Prompt: Please transcribe exactly, and only, the lines of the data below between the line holding "Man with a mug" and the line holding "残念でしたね壁貼り君wwwここ1年のトヨタと現代の株価の推移。", inclusive.

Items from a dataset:
<<<<

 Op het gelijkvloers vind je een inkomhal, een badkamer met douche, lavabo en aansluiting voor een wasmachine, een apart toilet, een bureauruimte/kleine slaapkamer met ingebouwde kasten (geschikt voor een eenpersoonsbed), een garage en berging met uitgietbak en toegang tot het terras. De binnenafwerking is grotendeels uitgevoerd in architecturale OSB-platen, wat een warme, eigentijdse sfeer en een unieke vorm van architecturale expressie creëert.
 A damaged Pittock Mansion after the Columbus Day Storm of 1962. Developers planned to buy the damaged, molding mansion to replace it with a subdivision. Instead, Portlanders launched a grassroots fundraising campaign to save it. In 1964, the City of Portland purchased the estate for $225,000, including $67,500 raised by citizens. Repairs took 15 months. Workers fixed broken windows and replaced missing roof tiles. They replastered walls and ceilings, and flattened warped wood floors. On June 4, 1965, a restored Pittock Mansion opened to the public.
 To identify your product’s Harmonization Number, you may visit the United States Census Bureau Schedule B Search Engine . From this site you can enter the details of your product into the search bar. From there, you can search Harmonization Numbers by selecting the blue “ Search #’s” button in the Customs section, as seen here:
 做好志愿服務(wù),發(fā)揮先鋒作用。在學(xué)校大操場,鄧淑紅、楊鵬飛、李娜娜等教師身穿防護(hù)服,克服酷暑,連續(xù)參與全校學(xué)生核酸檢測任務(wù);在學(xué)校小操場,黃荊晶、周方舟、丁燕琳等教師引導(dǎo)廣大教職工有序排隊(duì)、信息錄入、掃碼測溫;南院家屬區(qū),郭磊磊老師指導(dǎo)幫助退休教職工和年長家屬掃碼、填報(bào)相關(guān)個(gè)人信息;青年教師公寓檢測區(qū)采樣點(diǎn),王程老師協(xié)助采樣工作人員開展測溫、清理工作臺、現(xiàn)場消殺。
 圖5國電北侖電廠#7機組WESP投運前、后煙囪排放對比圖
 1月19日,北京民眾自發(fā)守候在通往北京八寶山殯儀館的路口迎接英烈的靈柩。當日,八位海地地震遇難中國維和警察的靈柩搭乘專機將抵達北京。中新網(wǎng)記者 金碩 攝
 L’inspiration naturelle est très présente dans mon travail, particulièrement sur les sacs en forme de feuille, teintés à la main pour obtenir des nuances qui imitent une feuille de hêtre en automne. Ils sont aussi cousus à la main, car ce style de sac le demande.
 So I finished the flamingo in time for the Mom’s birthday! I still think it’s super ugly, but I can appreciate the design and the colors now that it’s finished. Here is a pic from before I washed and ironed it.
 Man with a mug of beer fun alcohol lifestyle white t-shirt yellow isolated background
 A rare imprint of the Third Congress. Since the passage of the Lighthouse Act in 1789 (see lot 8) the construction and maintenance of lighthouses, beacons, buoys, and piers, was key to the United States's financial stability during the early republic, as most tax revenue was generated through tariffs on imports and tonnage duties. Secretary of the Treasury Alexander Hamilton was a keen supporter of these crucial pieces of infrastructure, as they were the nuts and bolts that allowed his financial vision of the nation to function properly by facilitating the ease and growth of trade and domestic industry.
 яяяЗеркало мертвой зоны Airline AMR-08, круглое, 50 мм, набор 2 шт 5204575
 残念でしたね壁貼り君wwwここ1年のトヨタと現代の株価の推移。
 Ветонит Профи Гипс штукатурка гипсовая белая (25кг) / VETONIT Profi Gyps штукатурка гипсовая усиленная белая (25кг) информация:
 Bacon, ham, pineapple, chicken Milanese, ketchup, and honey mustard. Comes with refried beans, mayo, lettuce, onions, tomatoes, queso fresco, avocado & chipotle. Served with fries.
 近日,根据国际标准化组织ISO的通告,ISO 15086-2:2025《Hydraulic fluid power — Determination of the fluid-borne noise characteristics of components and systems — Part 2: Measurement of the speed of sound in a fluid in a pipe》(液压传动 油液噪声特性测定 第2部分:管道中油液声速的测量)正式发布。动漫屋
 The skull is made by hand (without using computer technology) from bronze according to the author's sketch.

>>>>

Response area:
 Man with a mug of beer fun alcohol lifestyle white t-shirt yellow isolated background
 A rare imprint of the Third Congress. Since the passage of the Lighthouse Act in 1789 (see lot 8) the construction and maintenance of lighthouses, beacons, buoys, and piers, was key to the United States's financial stability during the early republic, as most tax revenue was generated through tariffs on imports and tonnage duties. Secretary of the Treasury Alexander Hamilton was a keen supporter of these crucial pieces of infrastructure, as they were the nuts and bolts that allowed his financial vision of the nation to function properly by facilitating the ease and growth of trade and domestic industry.
 яяяЗеркало мертвой зоны Airline AMR-08, круглое, 50 мм, набор 2 шт 5204575
 残念でしたね壁貼り君wwwここ1年のトヨタと現代の株価の推移。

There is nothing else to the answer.